● ASSIGNMENT
The copy should hold exactly the lines below from the one that contains "Navy blue sectional" through the one that contains "in termoformato. |" and nothing else, so no pictures.

● GIVEN DATA
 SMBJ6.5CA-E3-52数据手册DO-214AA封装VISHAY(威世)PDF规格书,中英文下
* * *
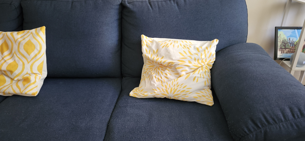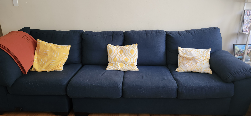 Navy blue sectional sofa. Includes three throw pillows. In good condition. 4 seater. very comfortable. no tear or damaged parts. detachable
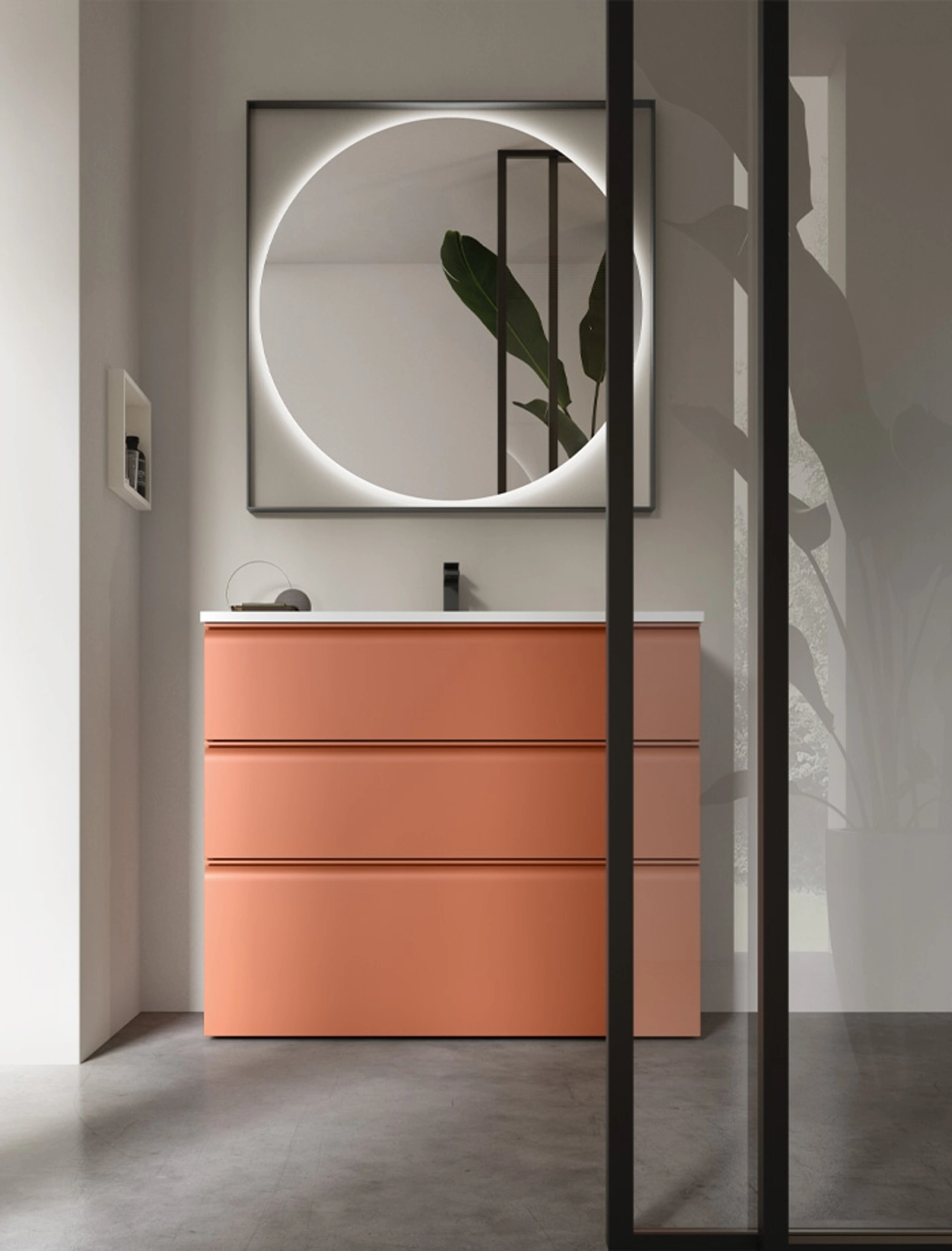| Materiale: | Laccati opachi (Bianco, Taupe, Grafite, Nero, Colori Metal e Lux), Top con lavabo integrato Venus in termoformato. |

● RESULT OF THE TASK
 Navy blue sectional sofa. Includes three throw pillows. In good condition. 4 seater. very comfortable. no tear or damaged parts. detachable
| Materiale: | Laccati opachi (Bianco, Taupe, Grafite, Nero, Colori Metal e Lux), Top con lavabo integrato Venus in termoformato. |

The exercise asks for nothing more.